# muhabbet-mahabbet



## llunita

Hi!
In a serie that I'm subtitling, a woman who is on holiday in Turkey calls her boyfriend and sais "mohabak" (i love you) in Arabic. Does anyone know how to write that correctly? 

Tanks a lot!!


----------



## cherine

I'm not sure about mohabak محبك.
"I love you" is "Uhibuk(a)" أحبك 
Muhibbuk(a) = the one who love you (to a male), muhibbuk(i) to a female. Both forms are written like this: محبك (Yes, same writing as the first one, but pronounciation is different).


----------



## llunita

Thanks a lot! 
And what 's the difference between Muhibbuk and Muhibbuka?
And, do you pronounce "Muhibbuk" a bit like [mohabak] ?


----------



## cherine

You're welcome 


llunita said:


> And what 's the difference between Muhibbuk and Muhibbuka?


To put it simply: the pronounciation of the last vowel in Arabic is not a strict rule, we often drop them.


> And, do you pronounce "Muhibbuk" a bit like [mohabak] ?


Not that I know of.
But maybe my understanding of your transliteration is not clear, so... yes, maybe they sound similar.


----------



## llunita

Ok. Thanks for your help


----------



## Spectre scolaire

Hi _llunita_,

There seems to be something wrong here. Is “mohabak” what you think you hear, or do you also have a text following the film (in which “mohabak” is written)? Is the person saying this an Arab or a Turk?

Any suitable Arabic interpretation of this uttering being subject to doubt, I wonder if this person actually says muhabbet which _in Turkish_ means “love, affection”. The same word in Arabic would probably be _mahabbet_. 

As the context is not clear, this is just a suggestion.
 ​


----------



## llunita

Oh... well, first I thought it was Turkish (since she is in Turkey). In fact she sais 2 things in Turkish to her boyfriend, who is at home (in Spain). 
1. She is buying a carpet (while she is calling to her boyfriend) and sais to the seller "Antikadir". 
2. She sais that she has to hang up, to say goodbye she sais: "Un beso. _Muhabbet_" (un beso: a kiss). 

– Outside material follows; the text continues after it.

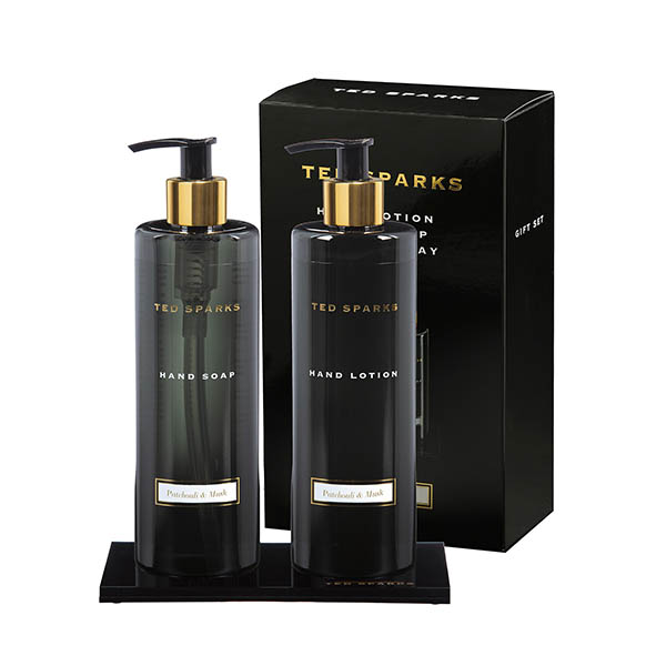 De Ted Sparks Hand Gift Set Patchouli & Musk is een complete set met een Hand Soap, Hand Lotion en bijpassende tray. De set is ontworpen voor dagelijks gebruik en zorgt voor verzorgde handen op vaste plekken in huis, zoals de keuken, badkamer of het toilet.

I already thought it was weird that she said an Arabic word while she is in Turkey, but I don't know a lot about Arabic or Turkish.... So I don't know how to interprete this..

What do you think?


----------



## cherine

llunita said:


> What do you think?


I think I'll move this to the OL forum, to get the opinion of our Turkish foreros


----------



## Chazzwozzer

No, there's no such word as _*mohabak *_in Turkish.


llunita said:


> 1. She is buying a carpet (while she is calling to her boyfriend) and sais to the seller "Antikadir".


*Antikadır: *It is an antique.


llunita said:


> 2. She sais that she has to hang up, to say goodbye she sais: "Un beso. _Muhabbet_" (un beso: a kiss).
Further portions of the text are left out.